The Tennessee State Chapter of the National Wild Turkey Federation has wrapped up its review of the 2026 Hunting Heritage Super Fund proposals, approving a slate of projects aimed at strengthening turkey habitat, research, and public access across the state. The board signed off on $209,199 for conservation work, $25,607 for research, $176,250 for access projects, and another $71,085 for hunting heritage efforts like education programs and chapter scholarships. Those dollars go a long way, too — NWTF says the conservation awards will be matched by more than $28 million in partner and grant funding.
All of this comes at a time when Tennessee’s turkey population has been under closer watch. Statewide numbers have been trending downward since around 2013, based on long‑term monitoring through the North American Breeding Bird Survey and TWRA harvest data. Some of the steepest declines have hit counties farther south, including Giles, Lawrence, and Wayne, where harvest totals dropped by nearly 60 percent between 2005 and 2015.

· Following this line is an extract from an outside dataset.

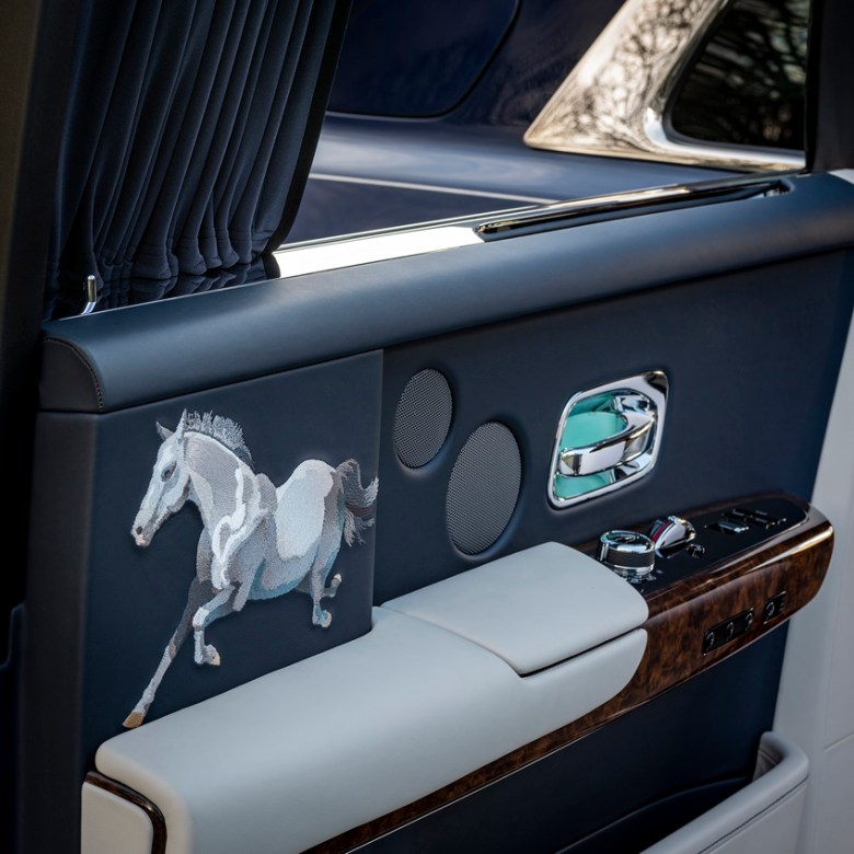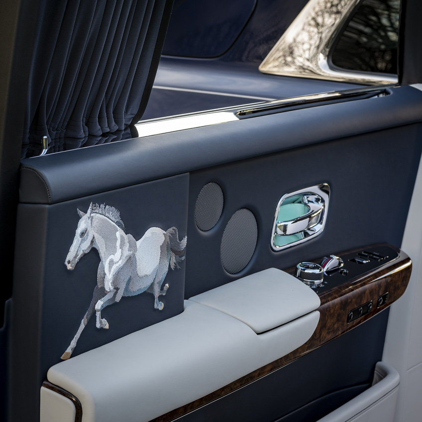 Sulaman Bespoke yang rumit dari seekor kuda jantan menghiasi pintu belakang interior Phantom Extended yang elegan ini.

Rutherford County, though, sits in a more encouraging zone. Counties just to the north — Bedford and Maury — have remained stable or even seen slight increases, and Rutherford continues to track alongside them. TWRA’s annual status reports show Middle Tennessee still producing strong spring harvest numbers, and Rutherford consistently contributes to that trend.
Tennessee’s turkey hunting seasons span both spring and fall, giving hunters two distinct windows to get into the woods: the 2026 spring season opens with the Young Sportsman Weekend on April 4–5, followed by the regular statewide season from April 11 through May 24, while the 2025 fall seasons include archery from Sept. 27–Oct. 24 and Oct. 27–Nov. 7, along with a shorter shotgun/archery window from Oct. 11–24; spring offers the broader opportunity with a two‑bird seasonal limit (one per day, only one jake), while fall is more limited with a single male turkey allowed for the entire season, and although some Tennessee counties close during fall, Rutherford County remains open for both, keeping local hunters well‑positioned for year‑round participation.

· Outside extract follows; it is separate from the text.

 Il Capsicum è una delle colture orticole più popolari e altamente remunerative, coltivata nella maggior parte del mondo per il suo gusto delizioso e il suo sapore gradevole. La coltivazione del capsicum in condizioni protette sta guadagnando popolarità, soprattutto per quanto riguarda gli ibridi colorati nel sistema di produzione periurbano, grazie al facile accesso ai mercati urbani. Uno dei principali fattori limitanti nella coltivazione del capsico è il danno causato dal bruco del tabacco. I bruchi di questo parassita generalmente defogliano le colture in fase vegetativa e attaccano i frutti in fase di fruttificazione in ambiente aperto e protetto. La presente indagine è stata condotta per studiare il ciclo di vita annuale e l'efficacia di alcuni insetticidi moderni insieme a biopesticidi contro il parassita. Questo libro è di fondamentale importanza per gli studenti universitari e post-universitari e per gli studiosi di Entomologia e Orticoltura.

One final bit of information to Rutherford County residents. Turkeys will feed along road edges where gravel, seeds, or leftover crops are easy to find, and they sometimes fly low across rural roads. Flocks can also linger on warm pavement on cold mornings. Most turkey‑vehicle collisions happen when a driver rounds a curve and encounters a group in the roadway, or when a bird flushes suddenly and flies into a windshield.
Local hunters say they’re still seeing plenty of birds, and the data backs them up. While turkey numbers can fluctuate from year to year, there’s no sign that Rutherford County is experiencing the sharper declines seen elsewhere. For now, at least, the county remains one of Tennessee’s reliable turkey habitat strongholds.